Tube after-care, regardless of the type of tube used, consists of protecting the ears from being flooded with water. Since T-tubes are extend further into the ear canal than standard tubes, extra care is needed to keep from disturbing them. Swabs may not be used to clean the ear without the permission of the ENT. Also, standard ear plugs used to keep water out of the ears may bump the T-tube and be uncomfortable. Most children with standard ear tubes have no problem wearing ear plugs.

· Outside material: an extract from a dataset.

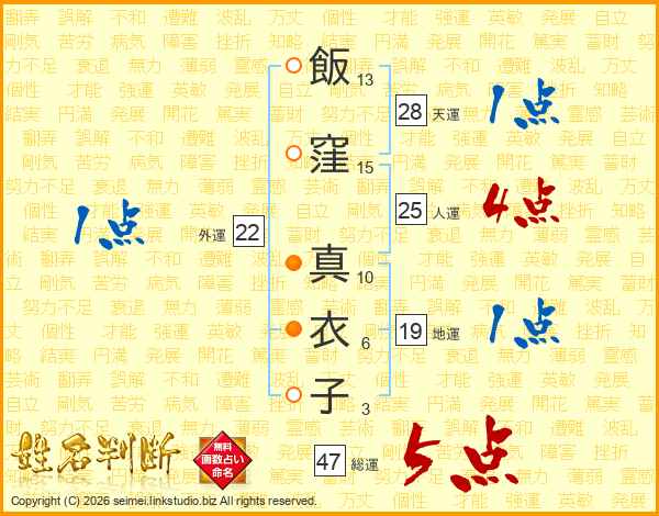 飯窪真衣子さんの総運は47画の5点!

By the age of three or four, most children will outgrow the need for tubes, as their Eustachian tubes will reach a point of maturation at which they will begin to function more normally. There are some children who have recurring ear infections into their school-aged years and a decided minority will suffer with persistent ear infections into adulthood.
While there has been some criticism concerning the "over-use" of ear tubes among young children, it is important to note that cleft-affected children have an anatomic deformity that will not allow the ears to function normally. At the least recurring ear infections and otitis media is painful for the child and will interfere with the child's ability to hear. At the worst, unchecked otitis media and ear infections can lead to more severe infections of the brain or permanent hearing loss.